§ **Provided entries**
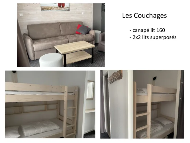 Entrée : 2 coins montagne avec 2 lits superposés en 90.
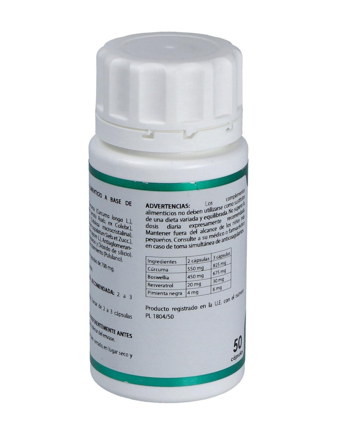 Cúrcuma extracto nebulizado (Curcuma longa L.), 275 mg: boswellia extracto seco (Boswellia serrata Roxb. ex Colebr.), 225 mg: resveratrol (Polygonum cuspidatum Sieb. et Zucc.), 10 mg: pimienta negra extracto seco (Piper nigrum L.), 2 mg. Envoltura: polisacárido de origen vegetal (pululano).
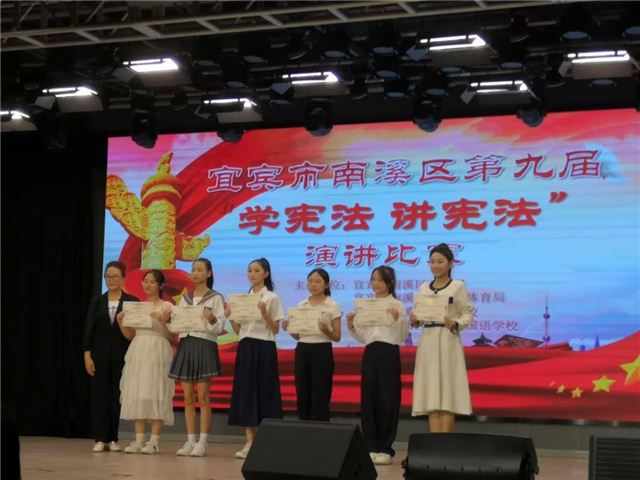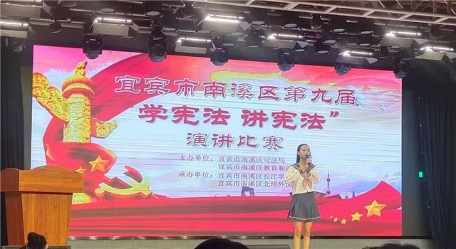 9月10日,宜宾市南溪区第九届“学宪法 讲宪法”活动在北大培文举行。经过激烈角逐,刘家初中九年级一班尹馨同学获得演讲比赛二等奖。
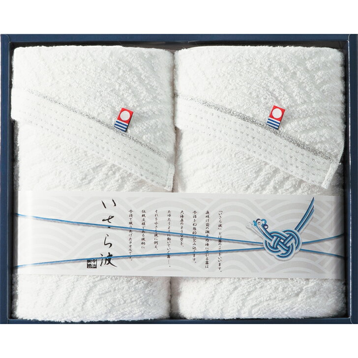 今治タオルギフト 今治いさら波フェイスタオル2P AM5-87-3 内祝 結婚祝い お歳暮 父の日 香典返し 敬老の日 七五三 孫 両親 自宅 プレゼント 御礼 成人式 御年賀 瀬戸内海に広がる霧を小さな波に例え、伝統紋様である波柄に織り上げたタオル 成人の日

--

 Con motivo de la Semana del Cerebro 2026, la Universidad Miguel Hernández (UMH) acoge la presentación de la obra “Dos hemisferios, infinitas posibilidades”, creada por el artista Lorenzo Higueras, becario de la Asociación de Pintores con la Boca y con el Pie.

...

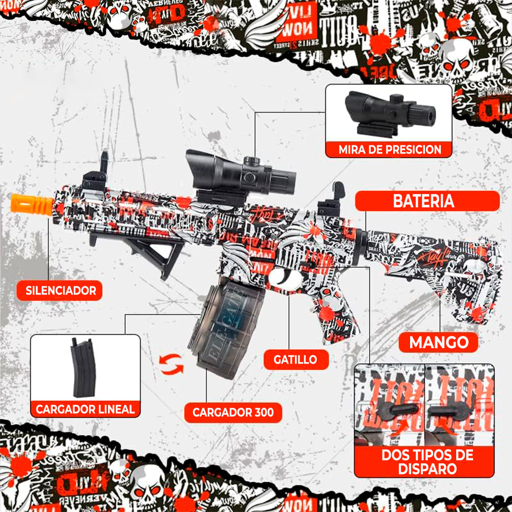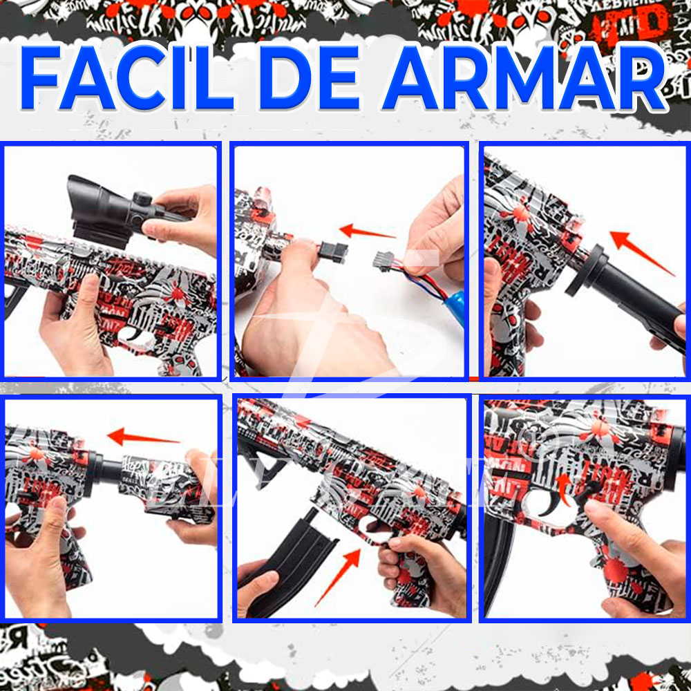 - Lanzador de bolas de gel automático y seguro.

§ **Your instructions**
Transcribe, from the material above, the stretch starting at the line with "Cúrcuma extracto nebulizado" and ending at the line with "今治タオルギフト 今治いさら波フェイスタオル2P AM5-87-3", both included, exactly. Do not carry over pictures.

§ **Expected answer**
 Cúrcuma extracto nebulizado (Curcuma longa L.), 275 mg: boswellia extracto seco (Boswellia serrata Roxb. ex Colebr.), 225 mg: resveratrol (Polygonum cuspidatum Sieb. et Zucc.), 10 mg: pimienta negra extracto seco (Piper nigrum L.), 2 mg. Envoltura: polisacárido de origen vegetal (pululano).
 9月10日,宜宾市南溪区第九届“学宪法 讲宪法”活动在北大培文举行。经过激烈角逐,刘家初中九年级一班尹馨同学获得演讲比赛二等奖。
 今治タオルギフト 今治いさら波フェイスタオル2P AM5-87-3 内祝 結婚祝い お歳暮 父の日 香典返し 敬老の日 七五三 孫 両親 自宅 プレゼント 御礼 成人式 御年賀 瀬戸内海に広がる霧を小さな波に例え、伝統紋様である波柄に織り上げたタオル 成人の日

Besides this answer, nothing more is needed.